The average density of each of the A layer and the C layer is 0.015 g / cm ³ or more higher than the average density of the B layer. It is preferable 0.020 g / cm ³ or more higher, 0.025 g / cm ³ or more higher is more preferable. By setting the average density of each of the A layer and the C layer as described above, bleeding out of the ultraviolet absorber to the surface of the multilayer film can be suppressed. The upper limit of the difference between the respective average densities of A layer and C layer, and the average density of the layer B is not particularly limited, preferably about 0.050 g / cm ^3, more about 0.040 g / cm ³ preferable.

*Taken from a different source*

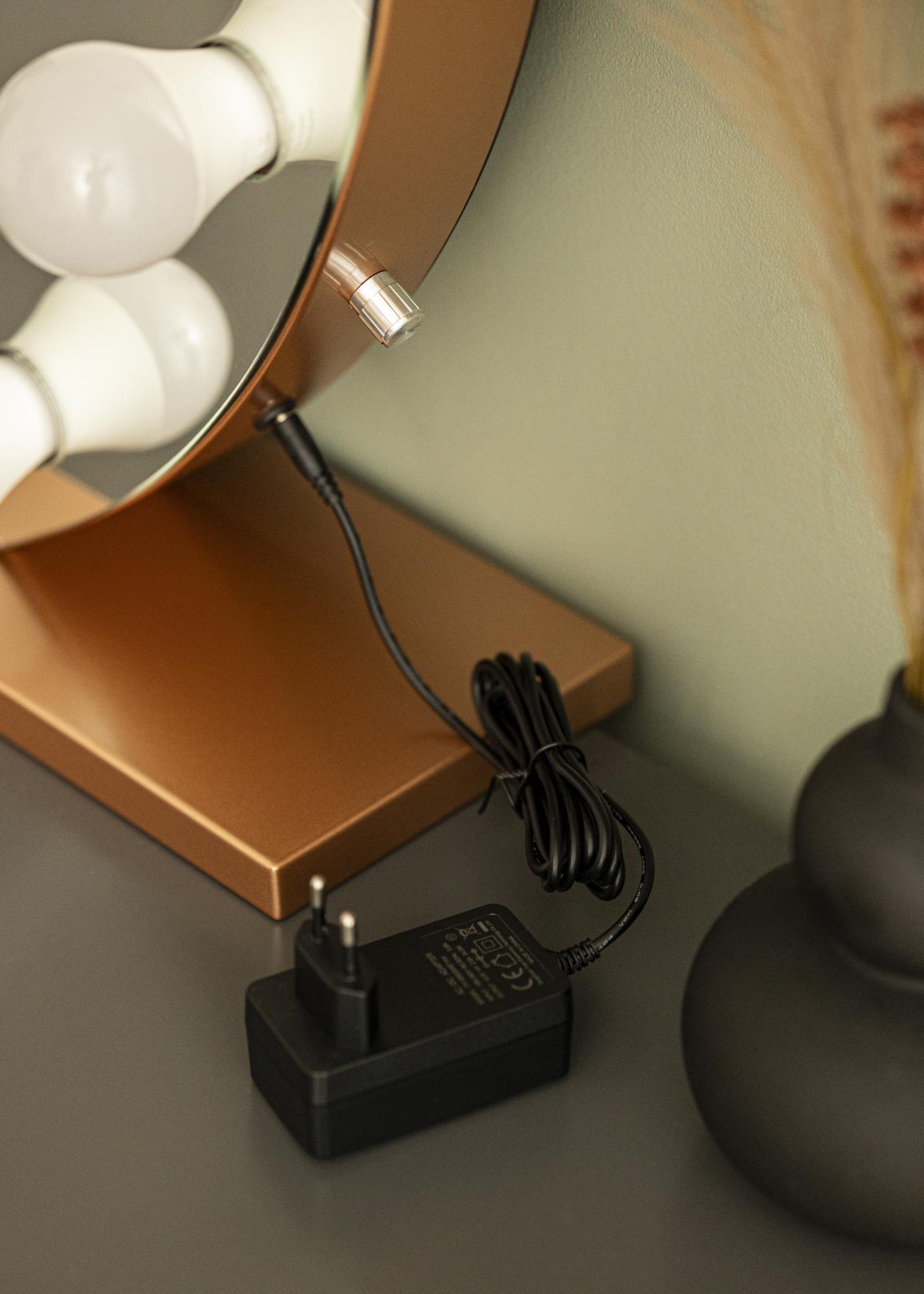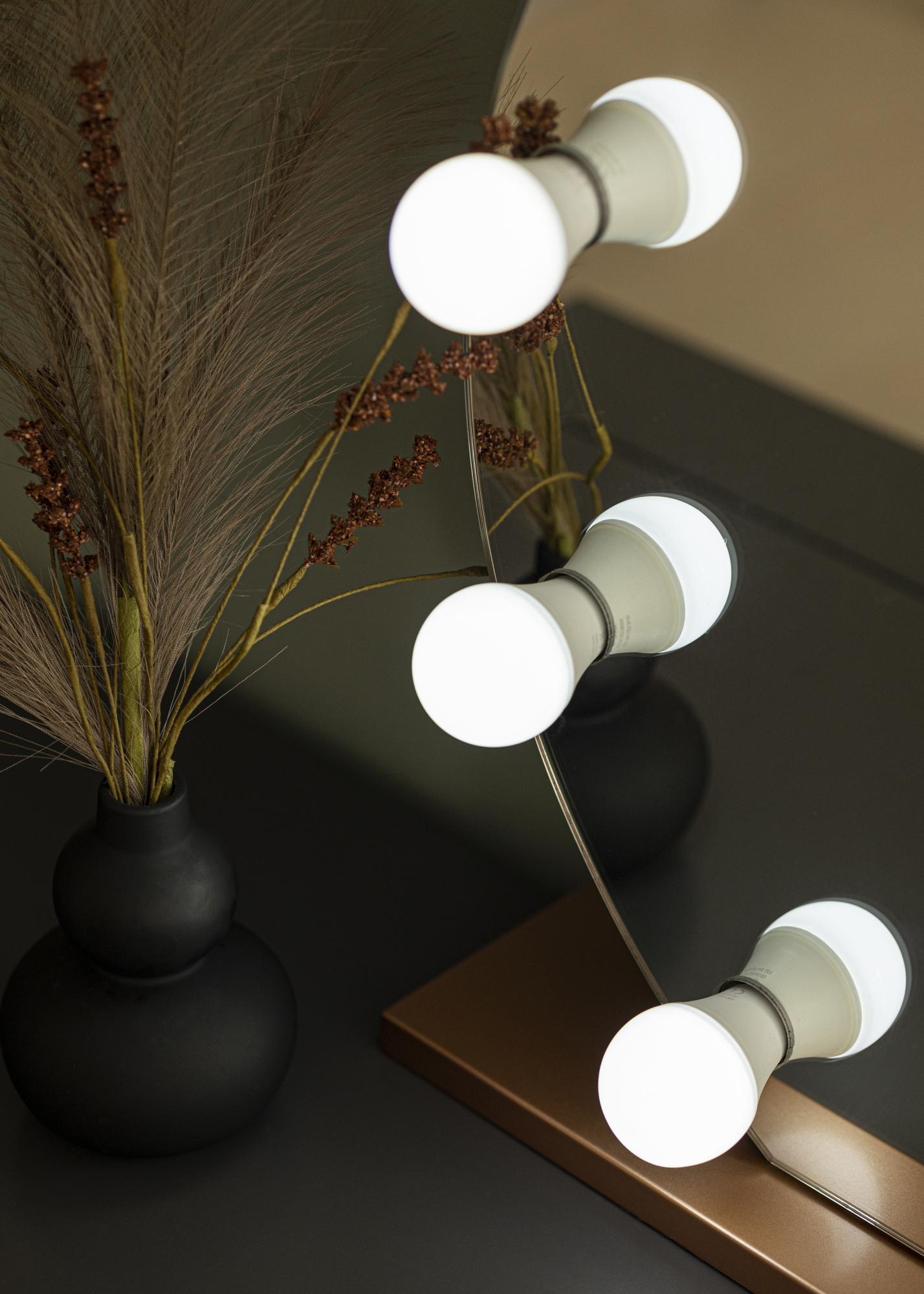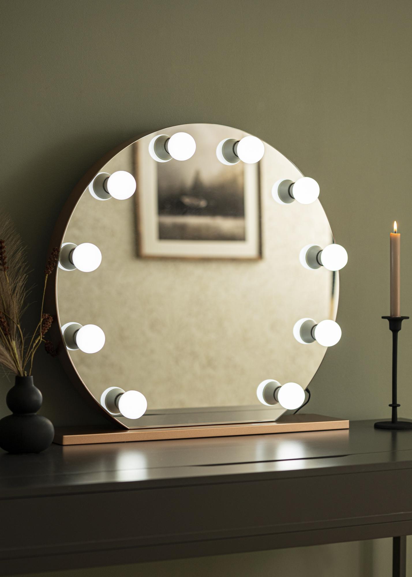 Hadd, hogy ez a rózsaarany sminktükör aranyfénnyel ragyogjon a szobádban. A tükör 10 izzólámpája, amelyek keretként helyezkednek el a tükörfelület körül, fehér, hideg és egyenletes fényt biztosítanak. Az izzólámpák E27-es foglalattal rendelkeznek és cserélhetők. Az okos fényerő-szabályozási funkciónak köszönhetően a fény erősségét az igényeid szerint állíthatod be. Mindössze annyit kell tenned, hogy elfordítod a gombot a tükör egyik rövid oldalán.

The average density of the A layer and the C layer is not particularly limited as long as it is 0.015 g / cm ³ or more higher than the average density of the B layer, but 0.910 to 0.960 g / cm ³ is preferable, and 0.920 to 0.950 g / cm ³ is more preferable.

  The average density can be measured by a measuring method based on JIS K7112.

  Although it does not specifically limit as a method of adjusting the average density of A layer and C layer to the said range, For example, the polyethylene resin contained in A layer and C layer is 0.940-0.960 high density polyethylene resin And 0.910 to 0.930 of a low density polyethylene resin, and a method of adjusting by appropriately setting the blending ratio of the high density polyethylene resin and the low density polyethylene resin Is mentioned.

  The A layer and the C layer may contain an ultraviolet absorber. The kind of ultraviolet absorber contained in the A layer and the C layer is the same as the ultraviolet absorber used in the B layer. It is preferable that A layer and C layer do not contain an ultraviolet absorber at the point which can suppress the bleed-out of the ultraviolet absorber to the multilayer film surface.

  Other additives such as a light stabilizer, an antioxidant, a lubricant, and a pigment may be added to the A layer and the C layer as long as the effects of the present invention are not impaired.

  15-200 micrometers is preferable and, as for the sum total of the thickness of all the layers of the multilayer film for heat shrink packaging of this invention, 30-100 micrometers is more preferable. If the thickness of the multilayer film is too thin, the transmission of ultraviolet rays may not be sufficiently suppressed, and the mechanical strength of the multilayer film may be reduced. If the thickness of the multilayer film is too thick, it may be difficult to form the multilayer film, and heat sealing may be difficult.

The thickness ratio of each layer constituting the multilayer film for heat shrink according to the present invention is preferably A: B: C = 1: 1: 1 to 1: 6: 1, and 1: 1: 1 to 1: 4: 1 is more preferable. If the A layer and the C layer are too thin, the ultraviolet absorber tends to bleed out, and the transparency and heat sealability of the multilayer film may be reduced. Moreover, when A layer and C layer are too thick, there exists a possibility that the heat-sealing property of a multilayer film may fall.
is there.

(Production method)
It does not specifically limit as a manufacturing method which manufactures the multilayer film for heat-shrink packaging of this invention, Conventionally well-known methods, such as a multilayer inflation method, are mentioned. As the multilayer inflation method, for example, a resin composition in a molten state is prepared by melting and kneading components such as resins constituting each layer in an extruder, and the resin composition is supplied from the extruder to a circular die. The resin composition is coextruded from a circular die to form a cylindrical film, and compressed air is supplied from the center of the circular die, and the formed cylindrical film is circumferentially The method of manufacturing a multilayer film by extending | stretching is mentioned. The inflation method is suitable as a production method for producing the multilayer film of the present invention.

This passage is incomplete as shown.